Last week, the NCAA predictably denied UConn's appeal for a waiver that would allow the Huskies to play in the 2013 NCAA tournament. The team is currently ineligible because it failed to meet standards that are set forth as part of the NCAA's Academic Progress Rate. UConn's appeal of that decision will now be heard by an outside subcommittee. These things are difficult to predict with certainty, but based on conversations I've had with people at UConn and inside the NCAA, it's highly unlikely UConn will be granted this waiver. Which means it is highly unlikely the Huskies will play in the 2013 NCAA tournament.
Despite its abysmal performance of late, this UConn team has two underclassmen, freshman center Andre Drummond and sophomore guard Jeremy Lamb, who are projected to be lottery picks in this year's draft. If those guys are even considering coming back next season -- and I'm guessing they aren't -- then the specter of not being able to play in the tournament could tip the balance the other way.
If UConn can't play in next year's NCAA tournament, then its lone returning senior, 6-foot-9 forward Alex Oriakhi, would have the opportunity to apply for a waiver that would allow him to transfer to another school and compete right away. That is what typically happens in infractions cases where a player is denied a postseason opportunity for his remaining seasons of eligibility.
Right now, UConn only has one recruit committed for next season. He is Omar Calhoun, a 6-3 guard from Brooklyn. Calhoun is a good player but he's no one-and-done; Rivals.com ranks him the 38th-best player in his class. If Calhoun doesn't return and/or UConn isn't allowed to play in the tournament, then the player could ask to be released from his letter of intent.
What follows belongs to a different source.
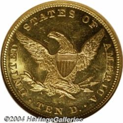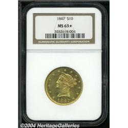 <B>1847<$10> MS63<S NGC.</B></I> With an original mintage of 862,258 pieces, the 1847 eagle is not a scarce date and is relatively easy to obtain in VF and XF grades. It is, however, an important condition rarity in Mint State grades. This example is well struck throughout, save for minor softness on one or two stars on the lower right obverse border. The surfaces reveal a bright apricot-gold coloration and are for the most part only lightly abraded. A small mark in the field beneath the eagle's beak is mentioned for accuracy, and might well serve as a pedigree identifier. The reverse fields show relatively strong die polish lines (as struck) which help to bring about nearly prooflike conditions. Population: 3 in 63, 0 finer (5/04). <BR><BR><B>Important notice:</B> Heritage usually auctions material at the rate of 200-250 lots per hour. On some occasions eBay Live bid software or the Internet may not be able to keep up with the pace of the auction. We recommend placing a realistic absentee bid now as insurance to avoid disappointment. Occasionally the auctioneer may eliminate or reject an eBay Live bid, and the auctioneer may also reopen a lot after the close of the eBay live bidding (usually because we missed an audience bid), and may reject your bid even if it shows you as the winning bidder. By bidding via eBay Live, you agree that Heritage may award the lot to another bidder at its sole discretion under the circumstances described above or any other reasonable circumstances. Since eBay bids are not shown to us until we open the lot on the floor, we treat those bids just like floor bids. In most cases the floor responds before the eBay bid is presented to us, due to Internet lag time, so for consistency we have made it a policy that floor bids are always considered first over tie eBay live bids. Also please note that all Heritage lots purchased through eBay Live carry a 20% Buyer's Premium. Please make sure you read the Terms and Conditions before you bid. </span></font></tr></table></td></tr></table>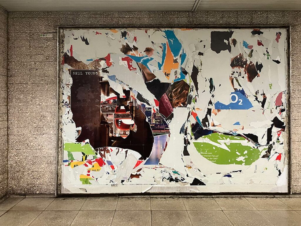 Während bei einer Collage ein Bild aus vielen Versatzstücken zusammengefügt wird, erfolgt bei einer Décollage das genaue Gegenteil: Teile eines Originalbildes werden entfernt. In weiteren Schritten werden Plakate noch übereinander geklebt und durch erneutes Abreissen bestimmter Stücke neu kombiniert. Der Ursprung dieses Themas liegt bei den Affichisten, die sich mit solchen Arbeiten von Ende der 1940er- bis in die 1960er-Jahre in den Straßen von Paris hervortaten. Bis zu 150 solcher Arbeiten waren vor bald 10 Jahren auch schon in der Schirn Kunsthalle in Frankfurt ausgestellt.

Whenever Calhoun decides to retire, there is no obvious replacement. He currently has three assistants on his staff with head coaching experience, including two (Karl Hobbs and Glen Miller) who played for him. Yet, Calhoun has made no secret of his belief that another assistant, Kevin Ollie, should get the job.
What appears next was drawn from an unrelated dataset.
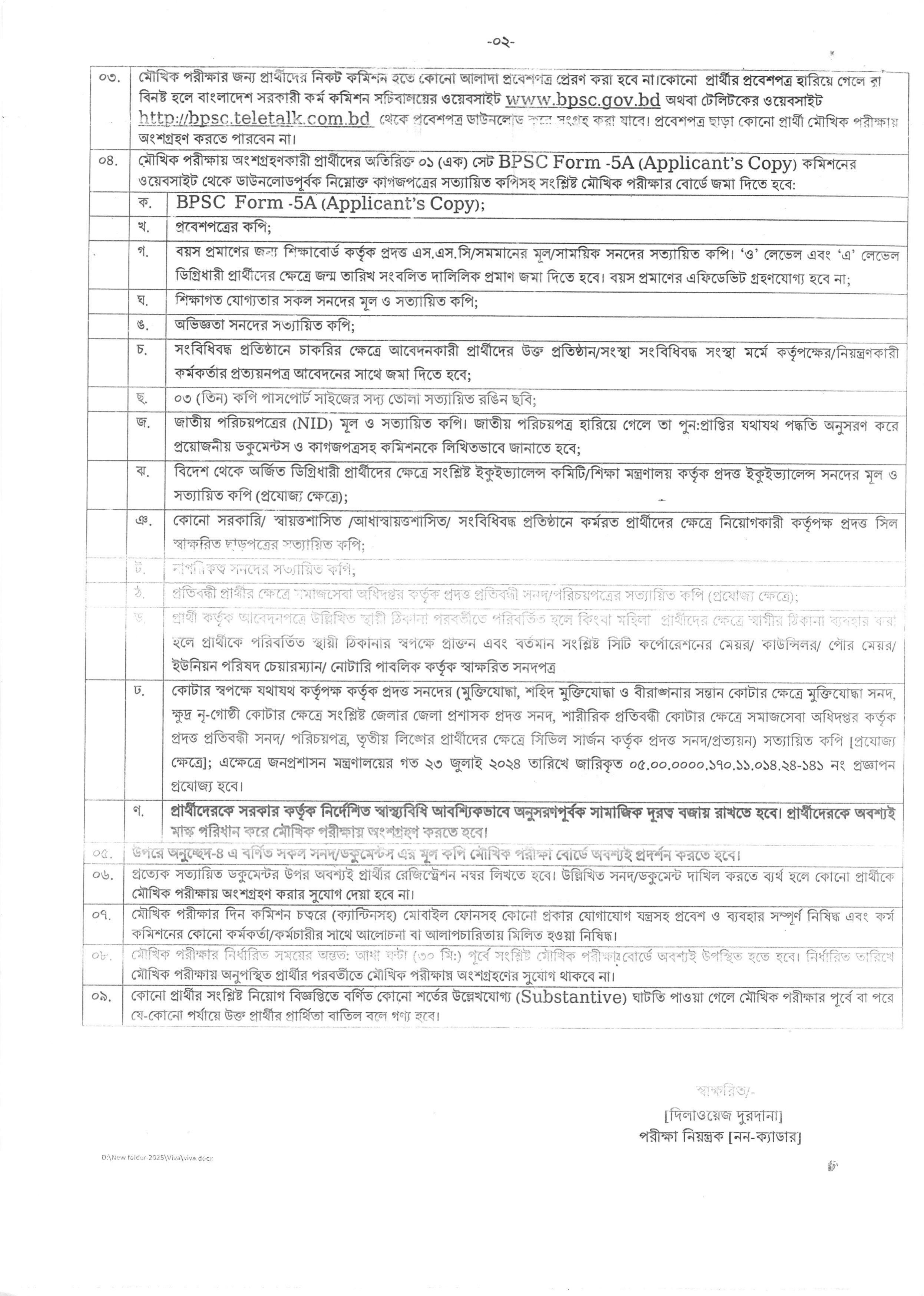এছাড়াও, প্রার্থীদের সরকার কর্তৃক নির্দেশিত স্বাস্থ্যবিধি ও সামাজিক দূরত্ব বজায় রেখে মাস্ক পরিধান করে মৌখিক পরীক্ষায় অংশগ্রহণ করতে হবে।

Ollie is certainly head coaching material. He was UConn's point guard from 1991 to 1995, and he squeezed every ounce of his abilities to enjoy a 13-year career in the NBA. Ollie is smart, charismatic and energetic, so he has all the assets you'd look for -- except experience. He has never coached a big-time game, nor does he have an extensive network of contacts in the recruiting world. He isn't even coaching this team in Calhoun's absence. That responsibility has fallen to associate head coach George Blaney. Being the head basketball coach at the University of Connecticut is a big job. Is Ollie truly ready for it?
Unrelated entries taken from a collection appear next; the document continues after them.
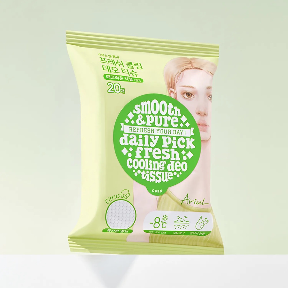 1. Luati un servetel deodorant Ariul si stergeti usor zonele transpirate si lipicioase (gat, brate, picioare, subrat etc.), fara a include fata.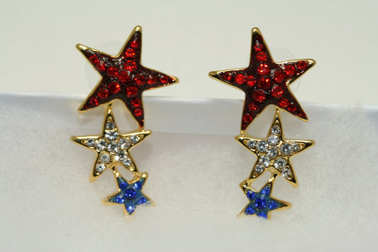 USA Patriotic 4th of July Independence Day Gift, Red White Blue Rhinestone Shooting Star Post Earrings
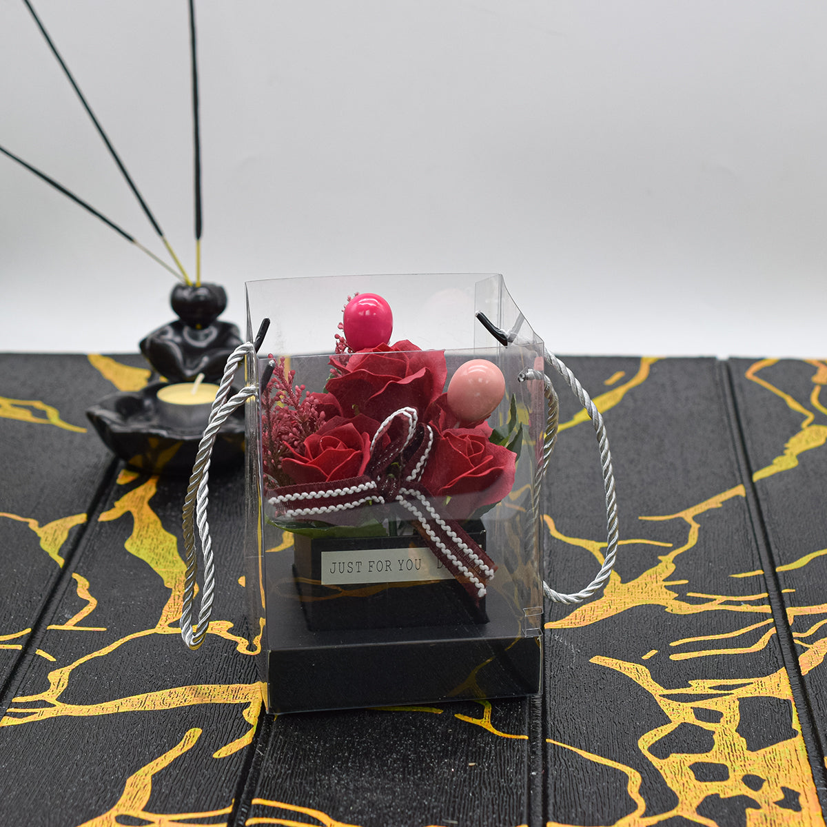Aranjament floral elegant, flori de sapun, D4077, Rosu

That is the question that Manuel will have to answer someday. He could be the AD at UConn for the next 30 years and never face a more important decision. Does Manuel hand the reins to a guy with no head coaching experience? Or does he risk alienating Calhoun and the fan base by plucking someone from outside the family?
The situation UConn basketball faces reminds me of the one at Indiana when Tom Crean was hired in 2008. That came in the wake of the Kelvin Sampson firing, which left the program with just one scholarship player -- and he was a former walk-on. Four years later, Indiana is just now fighting its way back to relevance.
With all due respect to UConn, it is not Indiana. That school had a championship tradition that extended well beyond Crean's predecessor. UConn, on the other hand, does not. Jim Calhoun is UConn basketball. He came to the wilderness of central Connecticut 26 years ago and engineered one of the most remarkable building jobs in the history of college sports. This man would be hard to replace under the best of conditions, much less at a time when the program is bereft of players.
For now, Jim Calhoun is still the head coach, which means UConn basketball has a fighting chance. Yet, on this landmark day for the university, it's hard to shake the lingering sense of uncertainty. This is a strong, proud, championship program, but it appears to be headed for a long, cold walk back into the wilderness.